__Given data__:
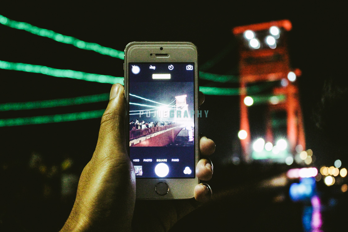 Gara-gara semangat nak tengok gerhana matahari penuh, kami semua gagahkan diri bangun awal dan tiba di Jambatan Ampera seawal jam 5 pagi. Bila sampai dekat sini, aku terkesima sebentar sebab tempat ini sudah dibanjiri ramai orang (like super ramai).
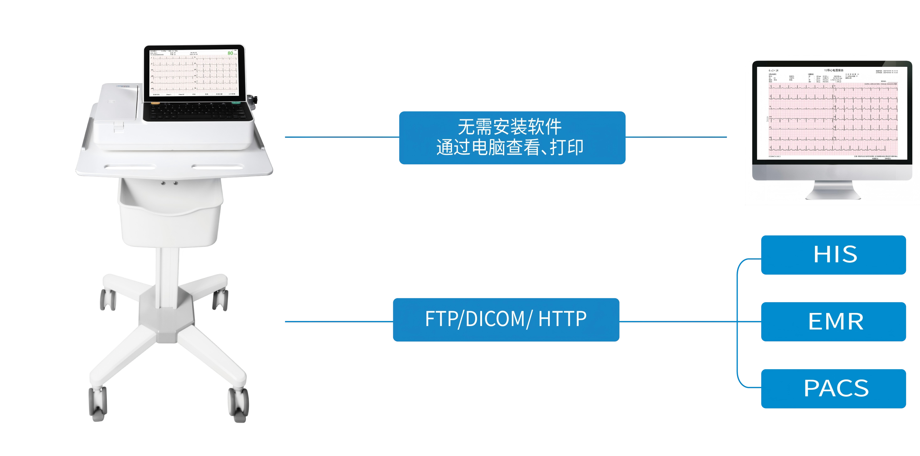 10.1英寸触摸屏,0~90°视角调节,ECG标准网格背景
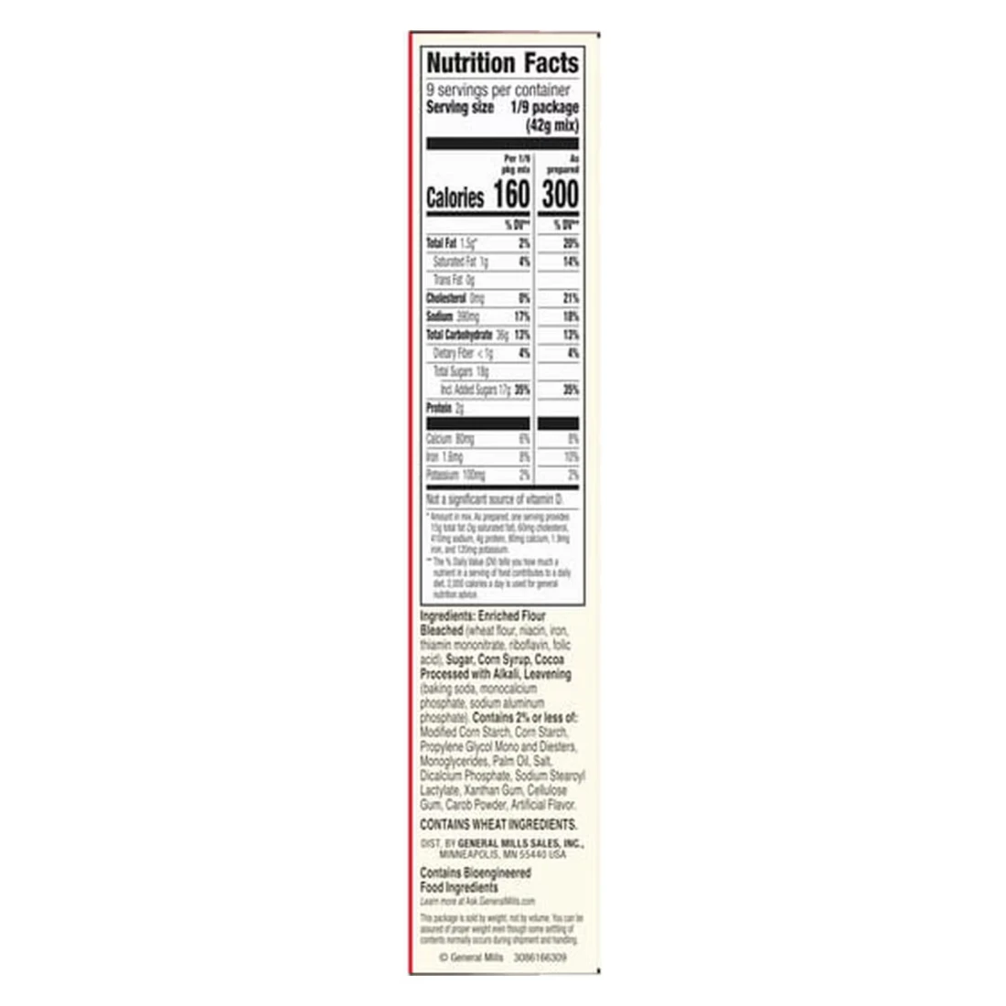 ingredients : Enriched Flour Bleached (Wheat Flour, Niacin, Iron, Thiamine Mononitrate, Riboflavin, Folic Acid), Sugar, Corn Syrup, Cocoa Processed With Alkali, Leavening (Baking Soda, Monocalcium Phosphate, Sodium Aluminium Phosphate). Contains 2% Or Less Of: Modified Corn Starch, Corn Starch, Propylene Glycol Mono And Diesters, Monoglycerides, Palm Oil, Salt, Dicalcium Phosphate, Sodium Stearoyl Lactylate, Xanthan Gum, Cellulose Gum, Carob Powder, Artificial Flavour

__Task instructions__: Reproduce the material above from its first line through the line containing "10.1英寸触摸屏,0~90°视角调节,ECG标准网格背景", both ends included, and skip every picture.

__Task output__:
 Gara-gara semangat nak tengok gerhana matahari penuh, kami semua gagahkan diri bangun awal dan tiba di Jambatan Ampera seawal jam 5 pagi. Bila sampai dekat sini, aku terkesima sebentar sebab tempat ini sudah dibanjiri ramai orang (like super ramai).
 10.1英寸触摸屏,0~90°视角调节,ECG标准网格背景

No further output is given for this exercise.